As it turns out, I was wrong about a lot of things. I had misjudged a lot of people. Because I've always been a storyteller, I've also always been a storylistener. I'm insatiably curious about everything. So I asked people about themselves and their lives. And they talked. About everything, and I do mean everything. I was surprised at how open people will be if you just sit and listen and be respectful of the things you hear. Especially since for many of these people, no one had ever been interested in them and no one had ever listened to them. So they talked freely about things I would never have thought virtual strangers would sit down and tell me. Boy, had I misjudged people. All this time I had thought I knew people so well, but I was really just an idiot.

I now never presume to know why someone isn't working, why they're getting divorced, why they treat other people they way they do. I don't tell myself they should be working here, or they should be with this person or not be with that one, or how they should raise their children or spend their money or keep their house or dress or eat or speak. It's not for me to say what others should do with their bodies, who they should love, where they should live, how they should live. I have my opinions of course, because I'm human. But I try hard to remember that I really have no idea what life is like for that person and to keep my opinions to myself.
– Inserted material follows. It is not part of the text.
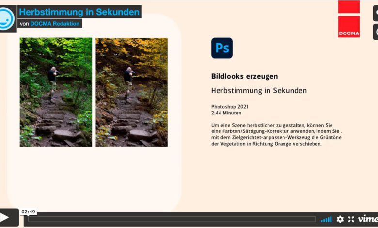 Direktlink: https://vimeo.com/497709587/8de2a05e9e Sie können Sie eine »Farbton/Sättigung«-Korrektur anwenden, um eine Szene herbstlicher zu gestalten. Klicken und ziehen Sie mit dem…

I try hard to look at things from all sides. I give people the benefit of the doubt. The only exceptions to my “it's not for me to judge” rule is when I see someone being harmed, particularly a child. But for the most part, people's lives are their own. We have no idea what truly goes on behind closed doors. We have no idea what road they've traveled just to get where they are. Any opinions we form about strangers and acquaintances are probably wildly off-base. And when I hear people passing judgment on others they don't know, I often will speak up for the person being judged. Because I know now what it's like to be on the other side of that judgment. I know how wrong people often are. And every single day I try very, very hard not to be an idiot.